I will try to make some repro for that. I'm not sure whether I can match the full setup, but I will try at least.

I think in that scenario the error is justified as I can't think of a scenario where someone would be running Sentry without a network card.

I'm not sure whether an unprivileged user has access to network cards. I could imagine that in my scenario the app user has no access either and therefore NetworkInterface.GetAllNetworkInterfaces() returns an empty list, so at least no exception there. Emitting an error here once could be fine, but in general error logs should not be used when an operation is not failing. See the Microsoft docs for the full picture. IMHO this should be a warning at max since Sentry does not rely on a machine id and it can be null without affecting the functionality.

klemmchr commented 1 month ago

@jamescrosswell sorry, I accidentally closed this issue and cannot reopen it again. Could you do me the favor?

jamescrosswell commented 1 month ago

Thanks @klemmchr,

IMHO this should be a warning at max since Sentry does not rely on a machine id and it can be null without affecting the functionality.

That sounds logical. At the very least then, we could change those LogError statements to LogWarning statements.

Even then this behavior is odd. TryGetInstallationId() is only called in SentryOptions once and wrapped with Lazy<>.

Hm, that is odd. It implies multiple instances of SentryOptions are being created.

I will try to make some repro for that. I'm not sure whether I can match the full setup, but I will try at least.

That would definitely help as, if there genuinely are multiple SentryOptions instances, I don't think using Lazy initialisation in the InstallationIdHelper would make a difference. Be good to know exactly what's going on before putting together a fix then.

klemmchr commented 1 month ago

Hm, that is odd. It implies multiple instances of SentryOptions are being created.

Are SentryOptions being recreated when IConfiguration changes? I could imagine some misconfiguration with Azure App Configuration on our end that constantly reloads the configuration. It would be odd, but there is a chance.

I just revisited our logs. The spam ended around 24 hours ago. But the 24 hours before that I find more than 15000 log entries while hitting the query limit. There is probably way more than that. Given that it is probably not possible to reproduce the issue. However, I can still run the stuff in TryGetInstallationId in our environment and get the output from it.
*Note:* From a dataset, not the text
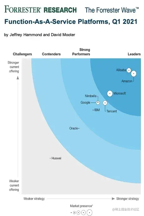 今年 3 月,权威咨询机构 Forrester 发布 2021 年第一季度 FaaS 平台评估报告,阿里云函数计算凭借在产品能力、安全性、战略愿景和市场规模等方面的优势脱颖而出,产品能力位列全球第一,这也是首次有中国云厂商进入 FaaS 领导者象限。

To give this issue some context, I found this by accident when trying to enable profiling and monitoring the logs afterwards. I had weird issues that all of our requests were failing when enabling profiling so I turned Sentry debugging on but was not able to get proper log output. Then I switched both of them off and created this issue. I cannot remember which combination of settings was active when this happened.